For sure. We’d switch in a heartbeat for 99.999 uptime at their current prices. They don’t claim that level of uptime for good reason. Today at least you get what you pay for. Their 99.9 SLA isn’t good enough for critical web apps. Skype vs POTS …
@ghaus. nothing is 100%. this is like their first major outage correct?
I was told recently to consider Amazon Clouds for my startup. I’ll reconsider it now.
Cue Nelson Muntz catch phrase.
“Amazon has a goal of 99.9% uptime with this service. This translates to 45 minutes per month of expected downtime. Achieving 99.9% uptime is a significant challenge—but worth striving towards!”
Twitter says they only saw 2 to 3 minutes of downtime.
Your lame ass poor startups can handle that I think…
don’t switch to Nirvanix, it is extremely buggy. cloud computing is not ready yet.
unfortunate.
99.9% uptime -> 0.1% downtime allowance…
if you have money, don’t use it. if not, what other options do you have? you get what you pay for.
Not sure why the commenters are ready to bail on Amazon’s services. Do you have better options at the prices Amazon charges?

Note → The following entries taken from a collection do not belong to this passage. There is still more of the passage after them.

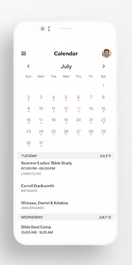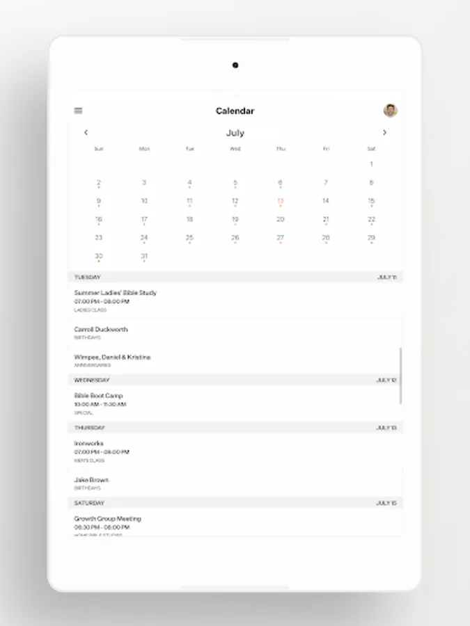 In addition, access all of Congregate's other member modules plus any user-added member pages right inside the app: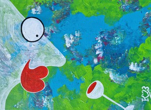 2024Acrylverf op katoen, 10 bij 10 cm, voorzien van haakjes en draad aan de achterkant, zodat je het schilderijtje makkelijk op kunt hangen. Pictoright. De prijs is inclusief verzendkosten binnen Nederland. Als abonnee op mijn maandelijkse nieuwsbrief -zie linksonder bij 'contact'- krijg je bij aanschaf van dit werk 20% korting.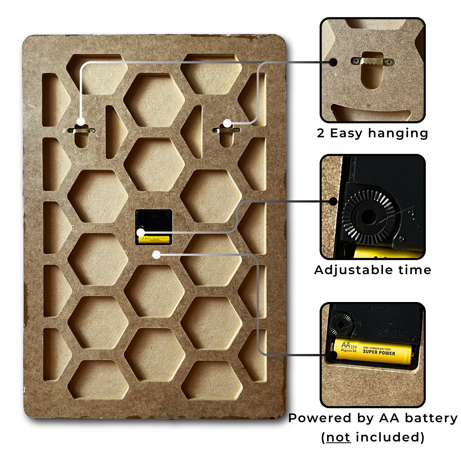MOUNTING: There is a metal loop on the back panel for hanging the clock on the wall. hanging hardware not included (use a standard nail/screw).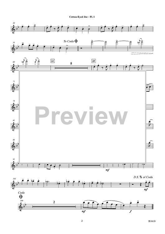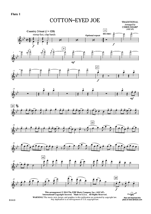 Digital Sheet Music for Cotton-Eyed Joe - Flute 1 by Traditional, Chris Sharp scored for Concert Band; id:447829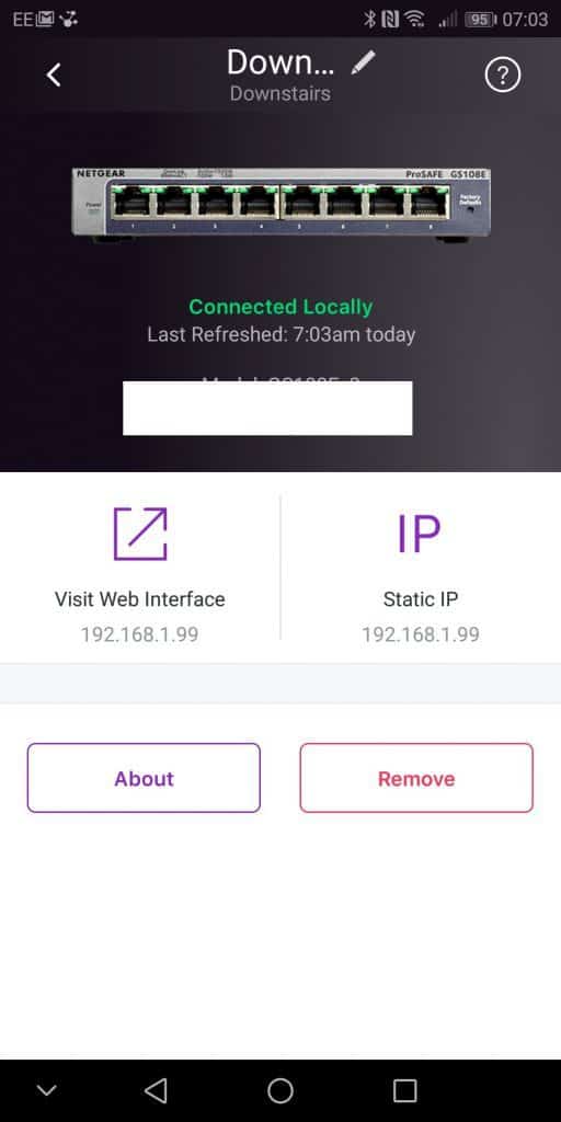 Once added I find the app very slow to update the status of the switches. If you have the device in PC mode, it will appear offline in the list, and there is no way to switch it to app mode in the app itself. So, if you do some management via the browser don’t forget to change it back.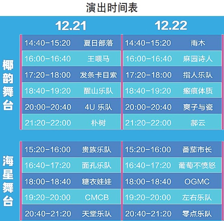 據(jù)介紹,參加此次音樂節(jié)的22組國內(nèi)知名音樂人的演出時間已公布,12月21日演出的有夏日部落、王喂馬、發(fā)條卡目索、醒山樂隊、4U樂隊、樸樹、貴族樂隊、面孔樂隊、糖衣娃娃、CMCB、天堂樂隊等。12月22日演出的有雨木、麻園詩人、指人樂隊、瘢痕體質(zhì)、爽子與瓷、郝云、番茄市長、葡萄不憤怒、OGMC、左右樂隊、零點樂隊等。樂迷可根據(jù)自己的購票情況,在對應時間里為自己喜愛的歌手和樂隊喝彩。
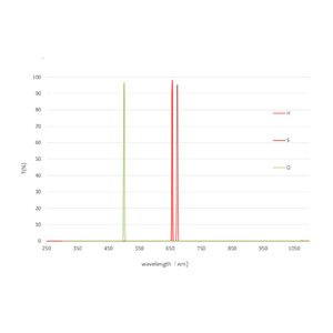 Ten zestaw filtrów oferuje Państwu filtry liniowe o szerokości połówkowej wynoszącej zaledwie 3 nanometry. Mogą Państwo zastąpić filtry z kamery miniCam8 tymi filtrami o bardzo wąskim paśmie. Zakres dostawy obejmuje filtry: Dysk filtra, śrubokręt i pęsetę.

BTW…last I read Smugmug doesn’t rely on S3 as their primary storage service.
They aren’t ready to bail. They are just wankers who want to say they have a startup so they can show their friends their name on the exclusive Techcrunch comment board. They don’t have businesses to bail.
There is no better options to date… until Google readies their GDrive, or until Microsoft completes buying Yahoo! (whichever is sooner)
I’m the CEO & Chief Geek at SmugMug.
We do rely on S3 for our primary storage, but we do maintain our own “hot cache” of data in our datacenters, too, which is less than 10% of our total storage.
Our customers weren’t affected by this morning’s outage.
Don’s got the right approach here with SmugMug’s use of S3. It’s great for near-line storage, archiving, and other activities which require relatively low-cost, flexible capacity, ‘good’ performance, and high integrity.
Never build your architecture to require low-latency, high-availability access to S3 or its competitors, because you won’t get those - that’s not what it’s for, that’s not what it’s optimized for, and you’re never going to be able to peel back those layers of abstraction and long-haul network.
We’re still a long way away from the ‘magic infrastructure cloud’ but by keeping the strengths and weaknesses of these hosted services in mind, you can still get a tremendous amount of value from them.
This is just horrible, what a nightmare.
@ 4 & 7
Yes this is Amazon’s first major outage.
For start-ups which gets a lot of traffic, for them 5 minutes downtime means thousands of dollars of loss.
I agree. It is ashame because Cloud computing as a service is a really good idea and I believe that probably Amazon is the best example of a good Cloud. But the lack of SLAs and problems like this makes it hard to trust just outside of backups and archives.
Nothing is perfect. You techies need to get a grip on things and be real.
@ 18
“For start-ups which gets a lot of traffic, for them 5 minutes downtime means thousands of dollars of loss.”
You’re so full of it. examples of your exaggerations please…
[ For start-ups which gets a lot of traffic, for them 5 minutes downtime means thousands of dollars of loss. ]
Thousands of Flooz dollars maybe
@15 That’s a great strategy Don, I think all startups should have some kind of contingency plan for any cloud service, eventually things go wrong.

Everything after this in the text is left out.